**Collected material:**
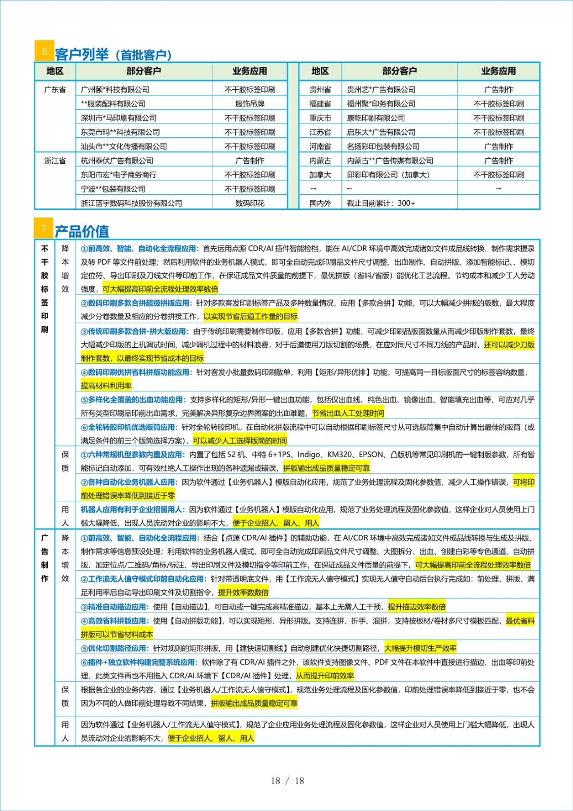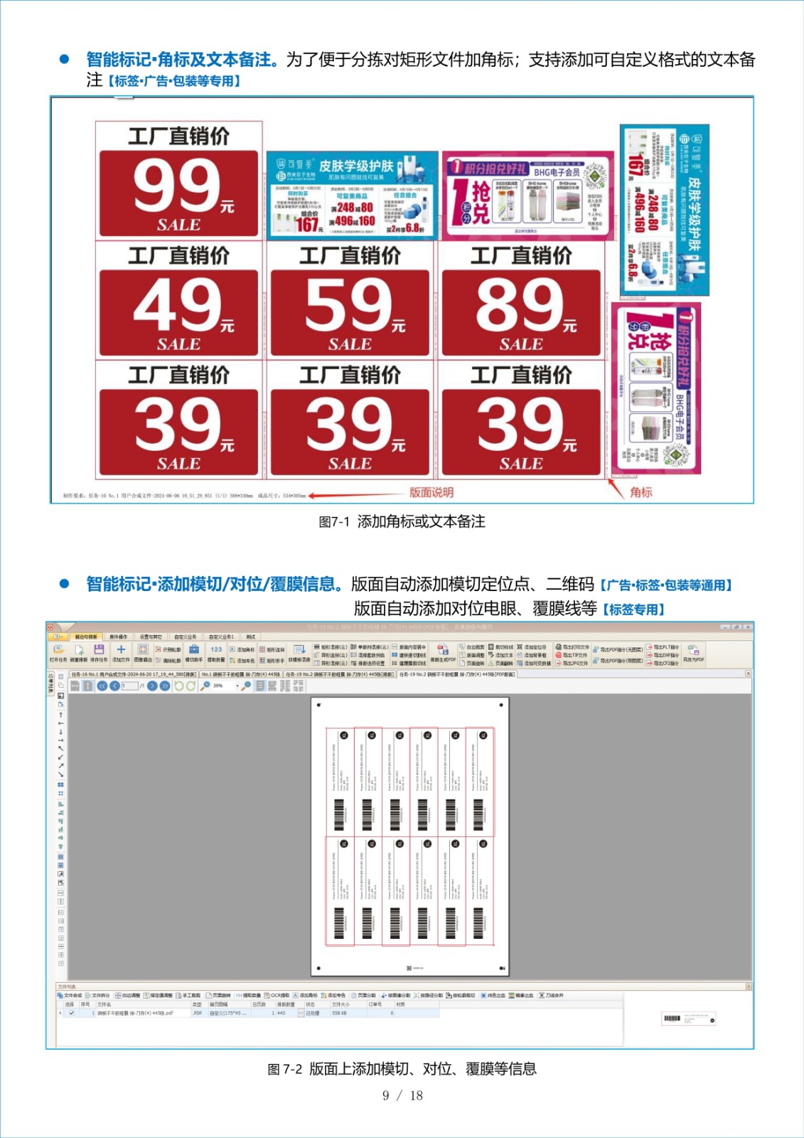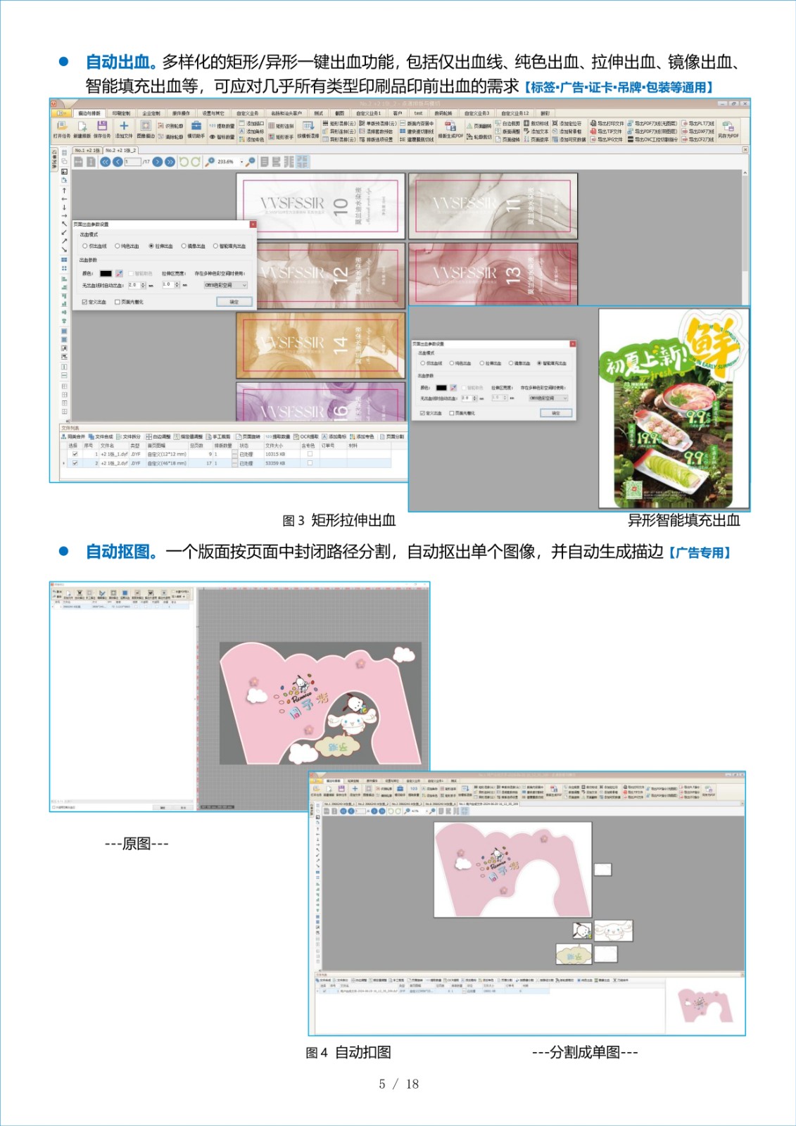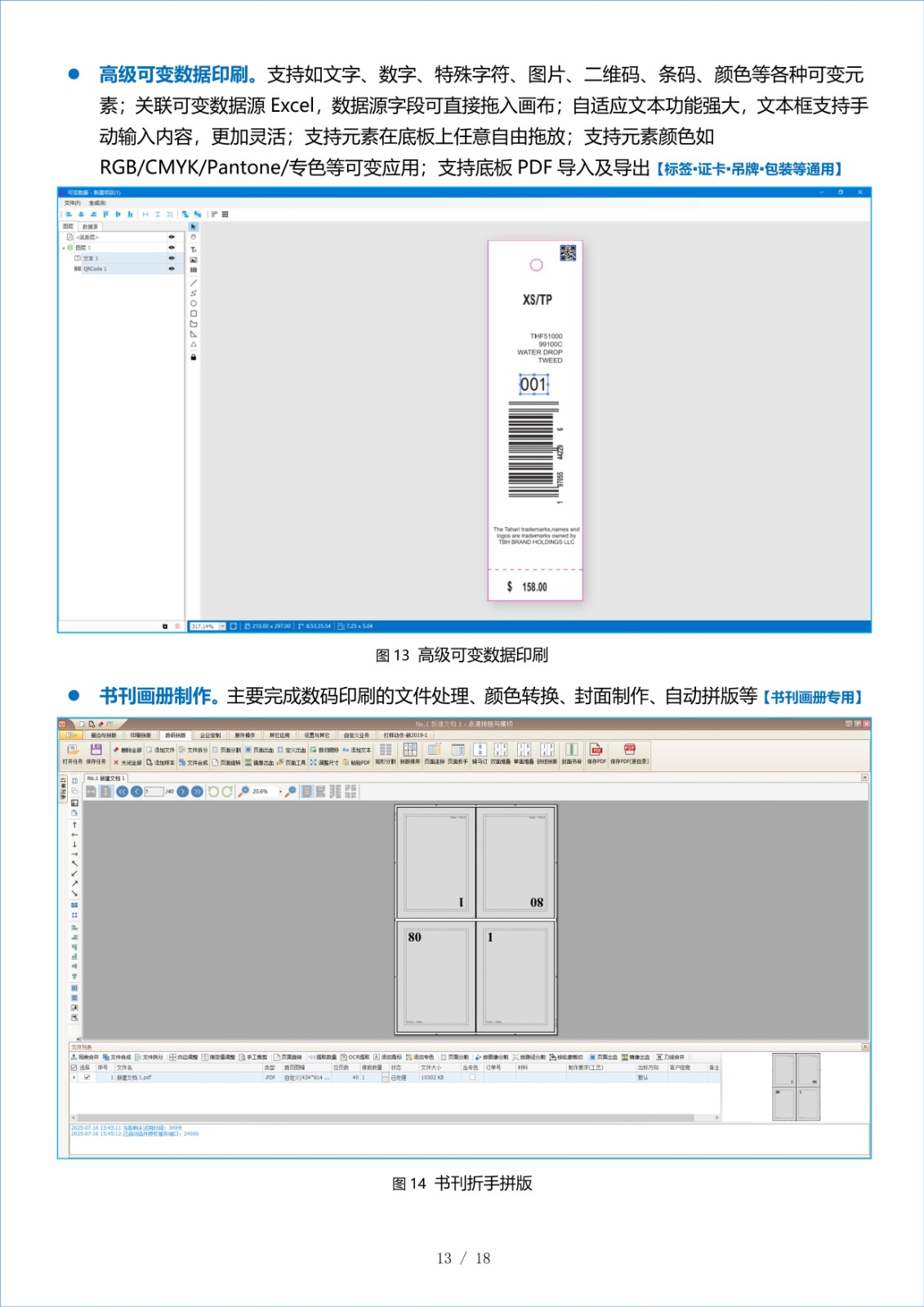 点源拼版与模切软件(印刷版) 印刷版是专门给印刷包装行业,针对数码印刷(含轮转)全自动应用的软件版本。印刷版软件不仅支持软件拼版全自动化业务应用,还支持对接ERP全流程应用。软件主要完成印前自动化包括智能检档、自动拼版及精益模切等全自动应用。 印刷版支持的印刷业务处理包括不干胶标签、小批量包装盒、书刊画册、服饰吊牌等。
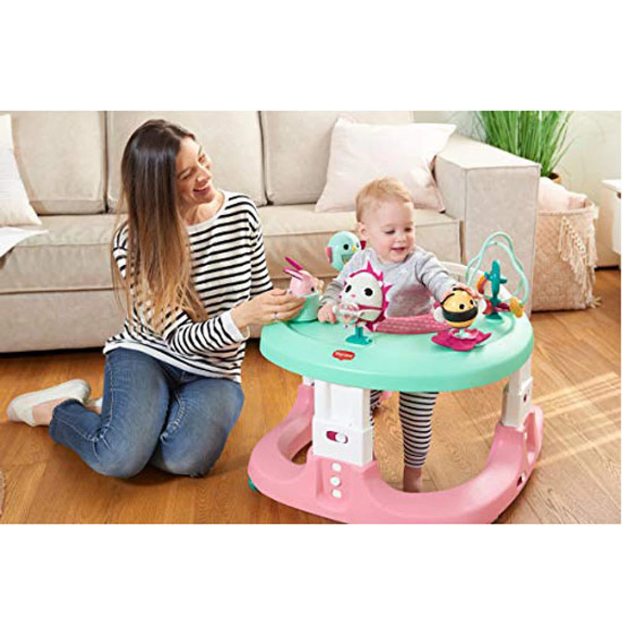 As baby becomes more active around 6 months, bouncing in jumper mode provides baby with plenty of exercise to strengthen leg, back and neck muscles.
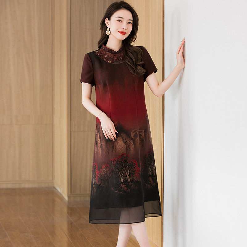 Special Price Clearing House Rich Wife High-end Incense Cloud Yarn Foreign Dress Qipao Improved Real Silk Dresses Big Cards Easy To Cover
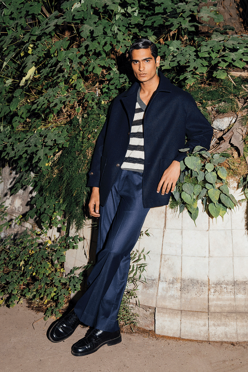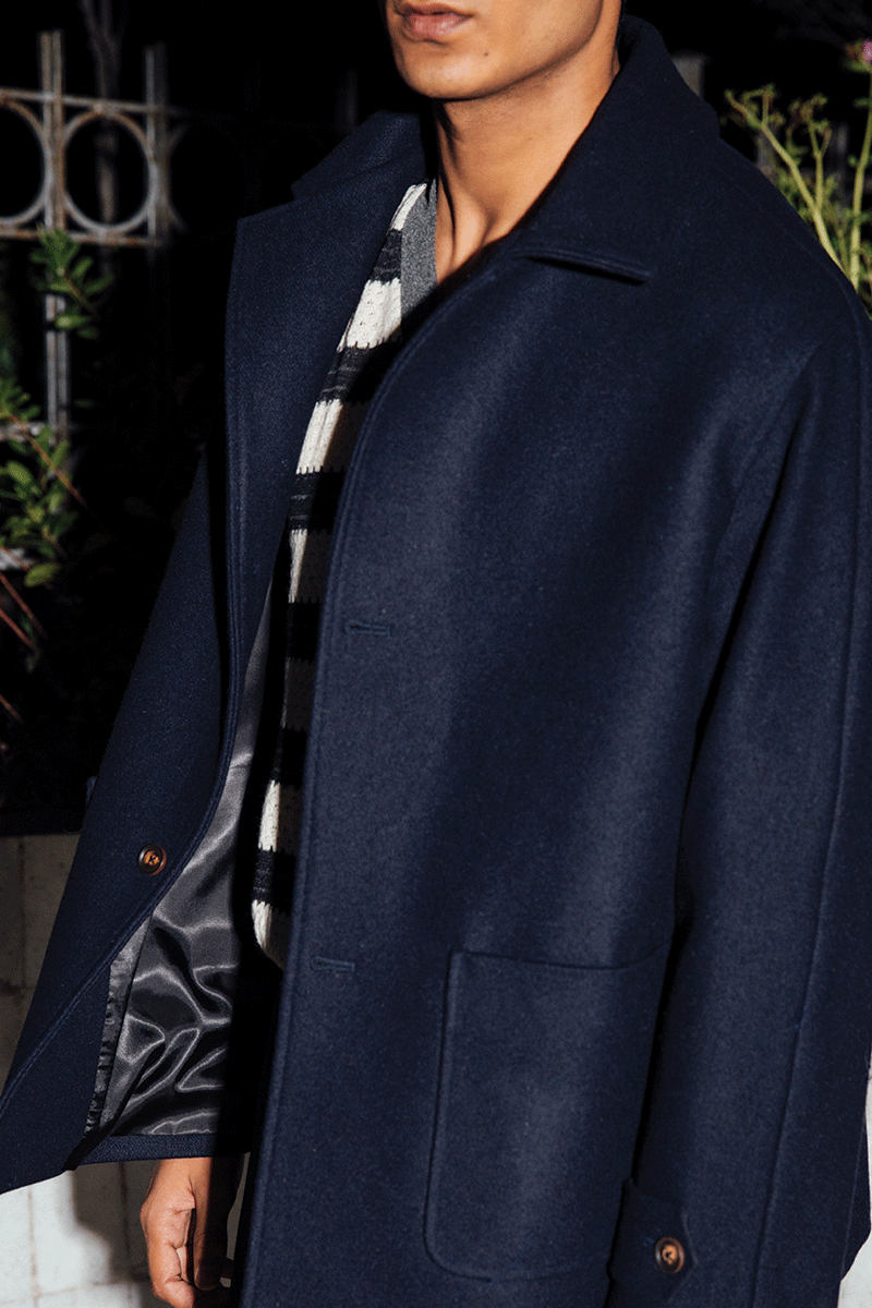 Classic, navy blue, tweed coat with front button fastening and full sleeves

**Task details:** Once the pictures are set aside, please output all the data word for word.

**Answer:**
 点源拼版与模切软件(印刷版) 印刷版是专门给印刷包装行业,针对数码印刷(含轮转)全自动应用的软件版本。印刷版软件不仅支持软件拼版全自动化业务应用,还支持对接ERP全流程应用。软件主要完成印前自动化包括智能检档、自动拼版及精益模切等全自动应用。 印刷版支持的印刷业务处理包括不干胶标签、小批量包装盒、书刊画册、服饰吊牌等。
 As baby becomes more active around 6 months, bouncing in jumper mode provides baby with plenty of exercise to strengthen leg, back and neck muscles.
 Special Price Clearing House Rich Wife High-end Incense Cloud Yarn Foreign Dress Qipao Improved Real Silk Dresses Big Cards Easy To Cover
 Classic, navy blue, tweed coat with front button fastening and full sleeves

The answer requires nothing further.